● **Try it**: Pictures excluded, output exactly the lines from the one containing "Premium Graphite Shaft: Lighter" through the last line of the listing below.

------ Material supplied ------

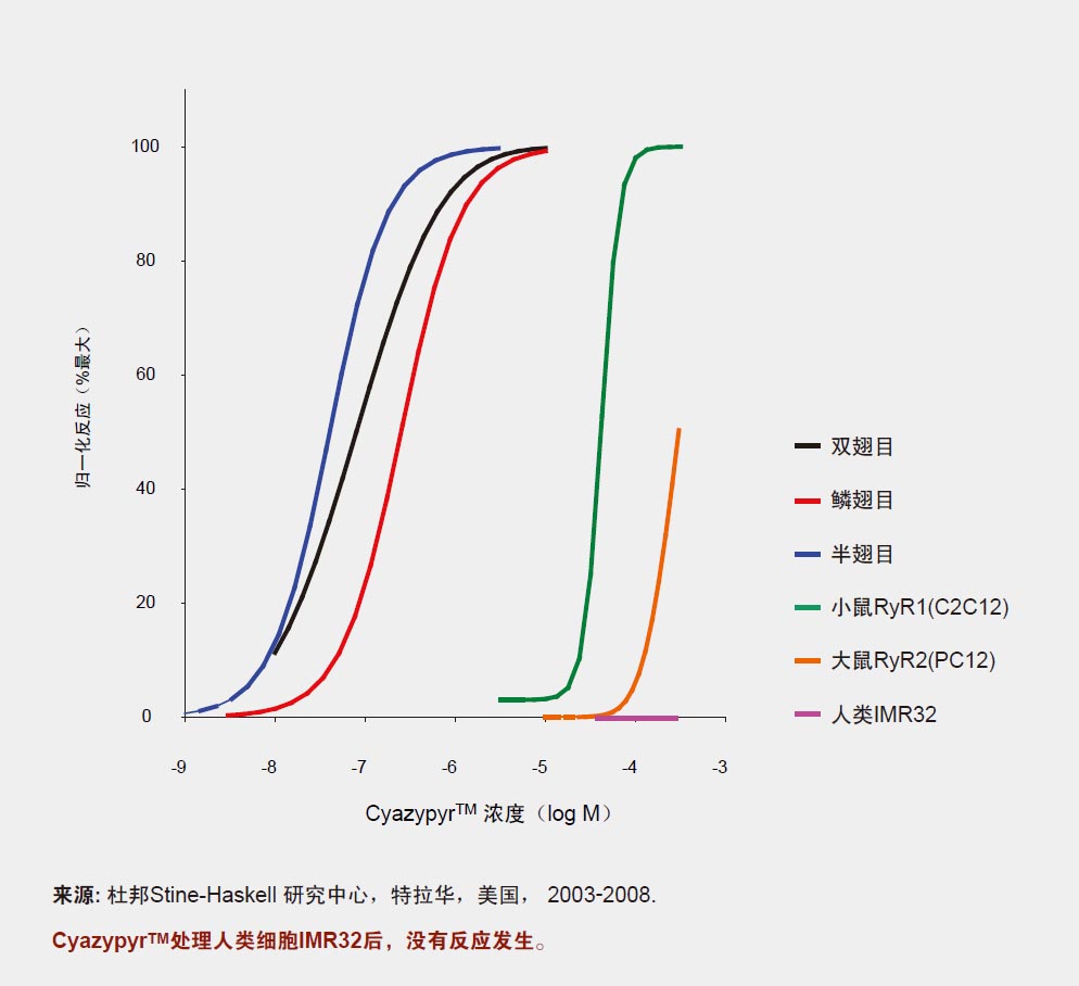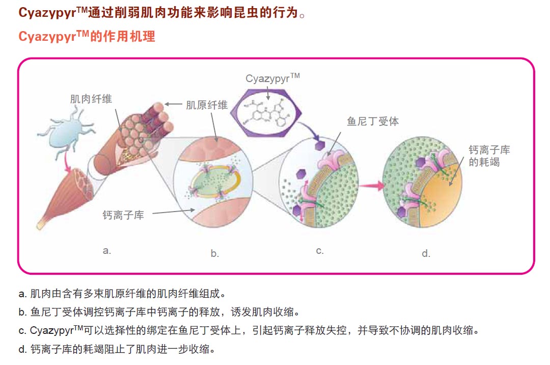CyazypyrTM能夠激活昆蟲魚尼丁受體(RyRs),該受體對(duì)肌肉功能起到關(guān)鍵作用。肌肉的收縮需要鈣離子從細(xì)胞 內(nèi)鈣庫(kù)中釋放到細(xì)胞質(zhì)內(nèi)。魚尼丁受體起到選擇性離子通道的作用,可控制鈣離子的釋放。CyazypyrTM分子可以和 魚尼丁受體結(jié)合,導(dǎo)致鈣離子的流失,從而阻止肌肉進(jìn)一步收縮。
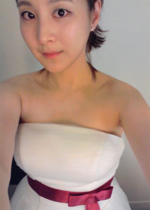 노희지는 3일 자신의 트위터에 “사진 촬영 중 한 컷! 드레스는 역시 이뿌닷♥.♥”라는 글과 함께 사진을 공개한 것.
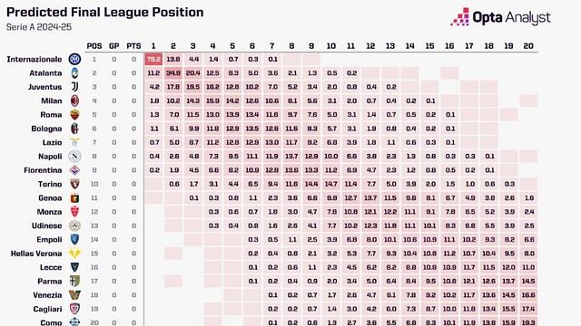 Dopo aver simulato la stagione 2024-25 10.000 volte, Opta è stata in grado di fare la media dei punti totali di ogni club in quelle simulazioni e quindi ordinare le squadre in base alla posizione. Ecco i risultati del supercomputer Opta da quelle simulazioni:
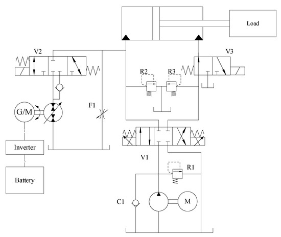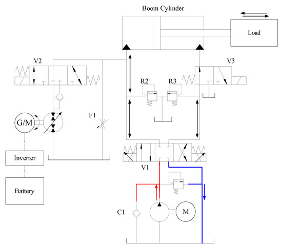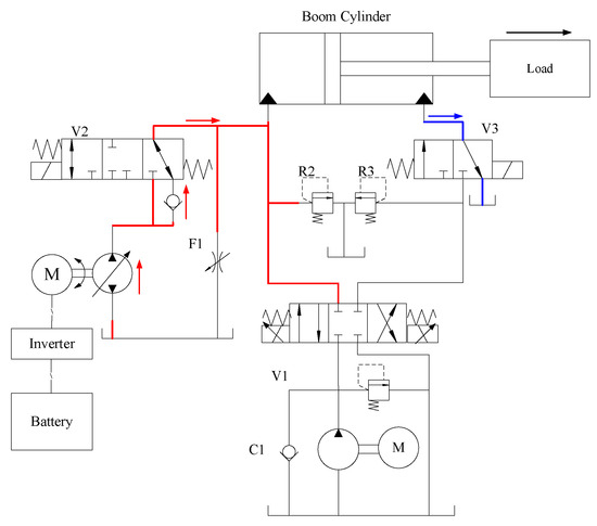 In the first working mode, the proposed system operates normally as a conventional valve-controlled hydraulic system as shown in Figure 3. Since the 3-way 3 positions directional valve V2 is closed and the 3-way directional valve V3 is set in the left position, the direction, as well as the amount of flow, is both managed by the 4-way directional valve V1. As the result, operations of the boom cylinder are totally governed by the operator by controlling this valve. Although no energy is saved during this period, this mode ensures that the system can still function properly in case of unexpected failures from energy recovery components. Moreover, it is well known that the valve-controlled system provides the fastest response which can be crucial in different real-life scenarios.
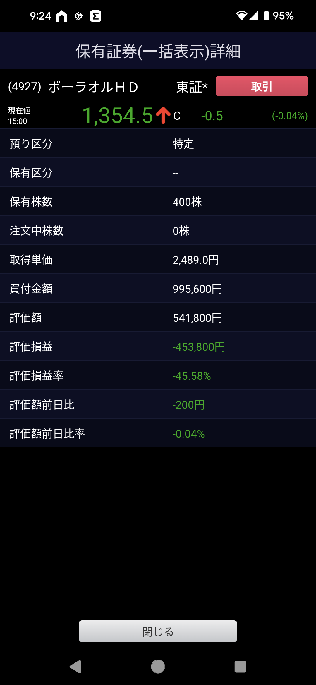 優待のdポイントは何株持っていても変わらないみたいですし、それ以上落ちても含み損は数千円程度までなので、100株程度で長期持っとくのは個人的にアリかと思います♪
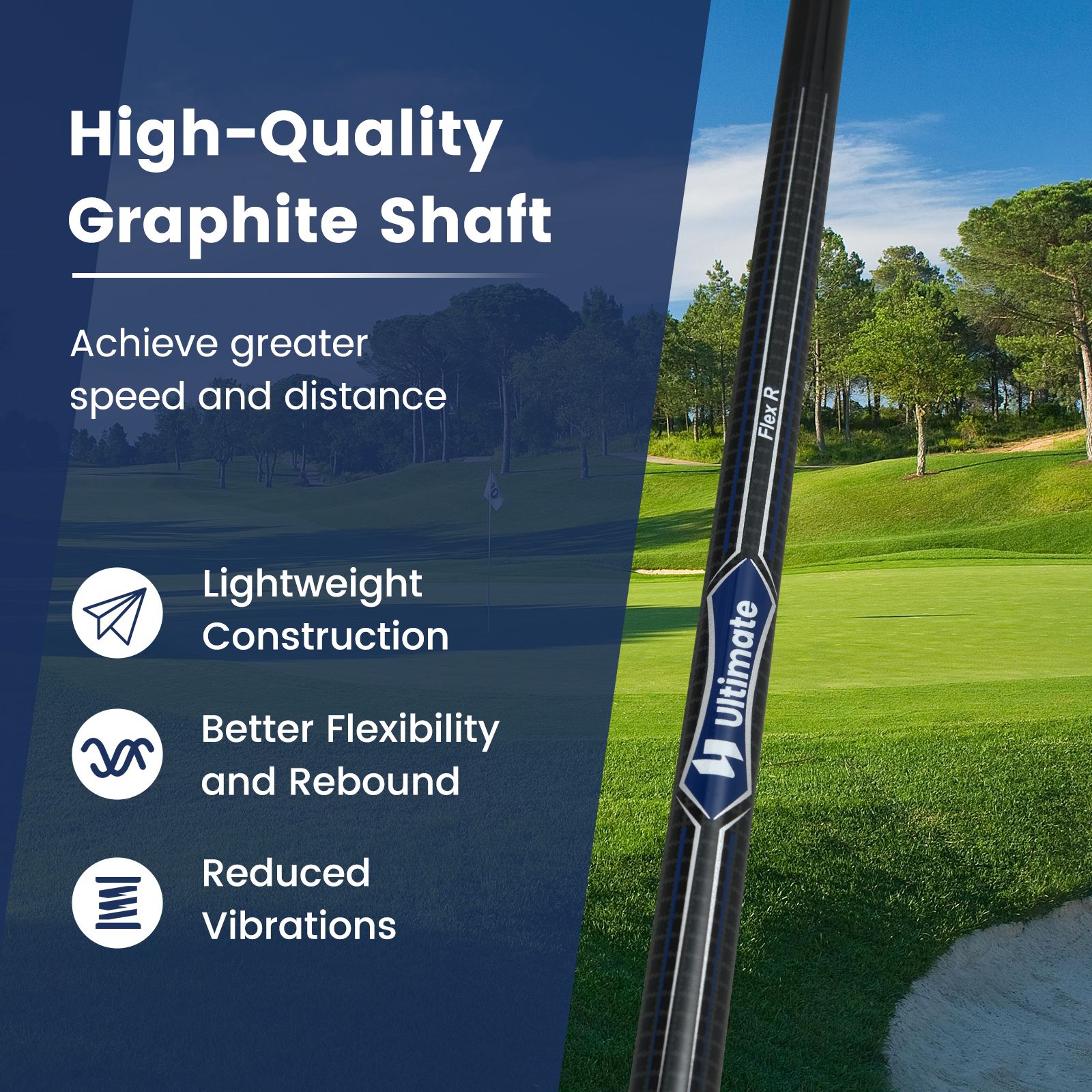 Premium Graphite Shaft: Lighter than traditional steel shafts, the graphite shaft offers increased swing speed and distance while providing reduced vibrations for improved feel and feedback on impact.
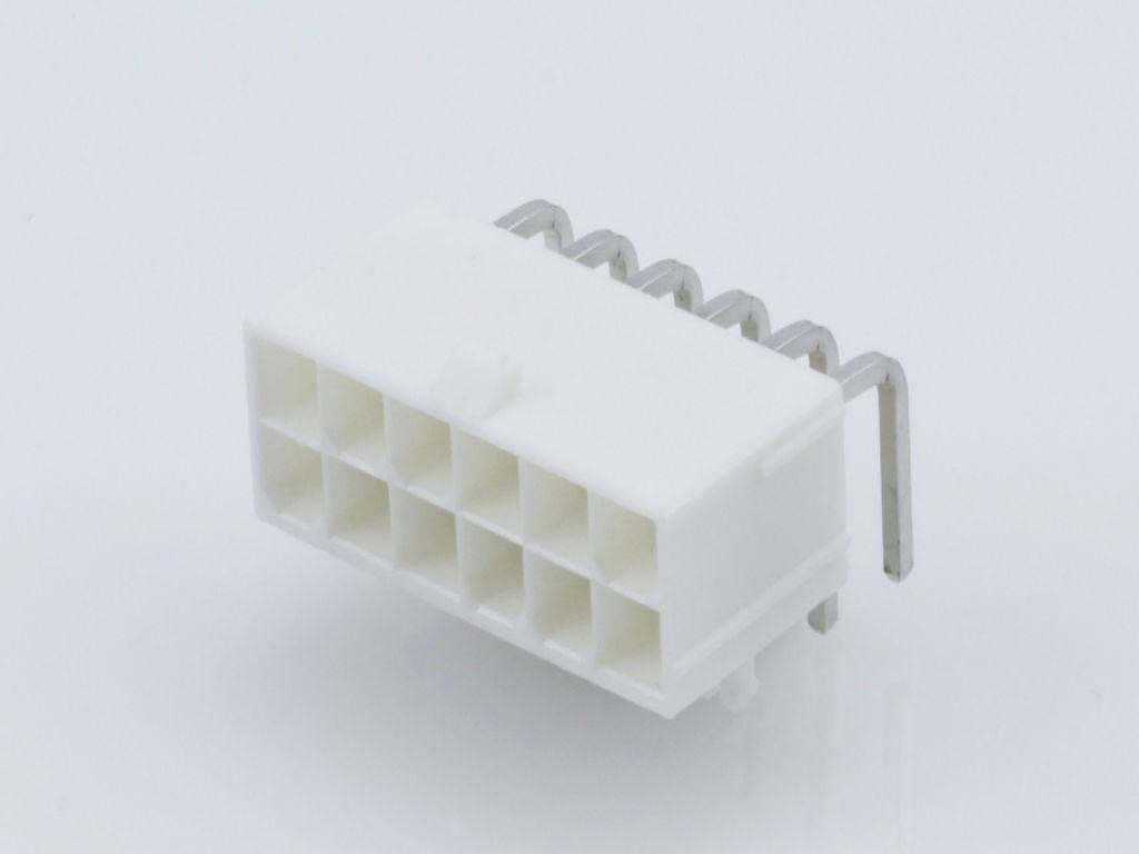 Mini-Fit Jr. Header, Dual Row, Right-Angle, with Snap-in Plastic Peg PCB Lock, 12 Circuits, PA Polyamide Nylon 6/6 94V-0, 2.54µm Matte Tin (Sn) Plating

------

● **Response**:
 Premium Graphite Shaft: Lighter than traditional steel shafts, the graphite shaft offers increased swing speed and distance while providing reduced vibrations for improved feel and feedback on impact.
 Mini-Fit Jr. Header, Dual Row, Right-Angle, with Snap-in Plastic Peg PCB Lock, 12 Circuits, PA Polyamide Nylon 6/6 94V-0, 2.54µm Matte Tin (Sn) Plating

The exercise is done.